I need to apologise for CPU usage on dallas723.
For a while, I've been developing a script to help me simulate what bash would be like running through a low-baud connection. I did this on my local computer, but when it didn't work (it was outputting random files, and I wondered if maybe the method I was using was one Cygwin didn't like), I tried uploading and running it on my Linode on March 9th. No such luck, it didn't work either.
What I didn't realise was that it wasn't just outputting random files, it was spawning processes named them, too. On March 9th, it spawned four copies of /usr/bin/not (which is a program testing tool included with "llvm", as I later discovered), which were passed invalid arguments (my program had basically tried to run "not found"; yeah, my program was really buggy and I still don't understand why it did that).
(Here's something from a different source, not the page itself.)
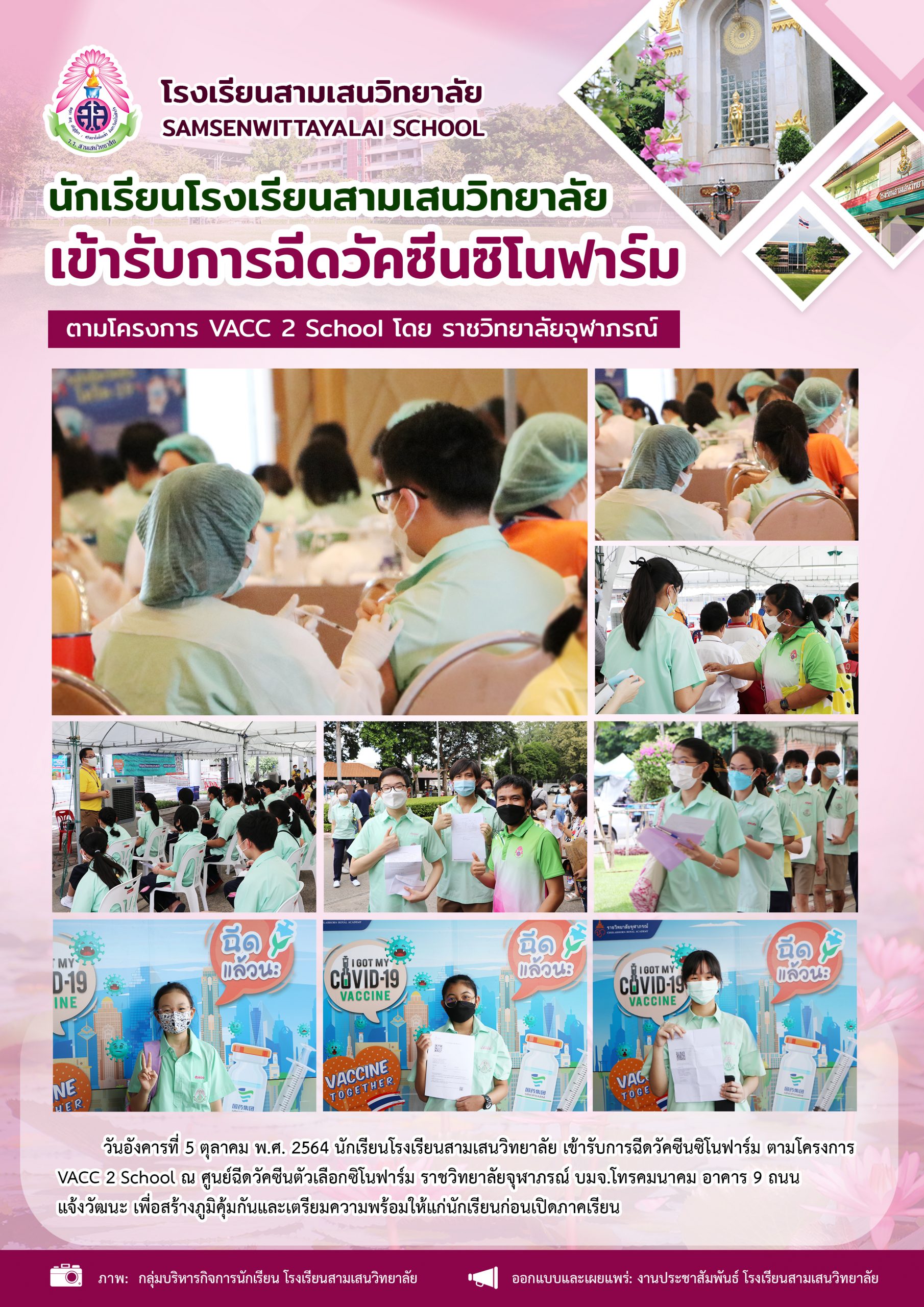 5 ตุลาคม 2564 นักเรียนโรงเรียนสามเสนวิทยาลัย เข้ารับการฉีดวัคซีน “ซิโนฟาร์ม” ตามโครงการ VACC 2 School โดย ราชวิทยาลัยจุฬาภรณ์

In response, it seems /usr/bin/not went into an infinite loop and used 100% CPU on all four processes. As the system has four simulated cores, this caused the VM to take up a full 100% of its allocated CPU.
I didn't notice this until last night due to unrelated reasons, and seeing an unknown executable (at the time) combined with taking 100% CPU caused me to believe my server had had a major security breach. After taking some forensics, I took networking offline and started looking into it with a friend of mine, who offered to help. 3 hours later, we had together determined exactly what was going on. At that point I killed the processes.
My main point with this post, though, was to apologise for hogging my portion of the CPU time for the last month-and-a-half. That was irresponsible of me. I've now enabled the email alert thresholds in the LPM so I'll know if that starts happening again a lot sooner.
It also frightens me that I had apparently not noticed these runaway processes before. I will pay a lot more attention to my server in future.
Thanks for reading, and again, I'm sorry.
2 Replies
I'm curious, though — what exactly was not
running? All the not command does is invert the exit status of the command passed to it on the command line, and I can't think of any system where found
is a command!
As for what 'not' was doing exactly, I seriously have no idea. When I was taking forensics I did use 'gcore' to take a core dump of each of the four processes, so I should hopefully be able to analyse those to work out exactly what it was doing. But for now, I don't know.
I got a response to my support ticket, btw, just letting me know that it didn't look like I caused noticeable issues for anyone else on the same host. I'm really glad about that, and that makes me all the more impressed with how far Linode has come!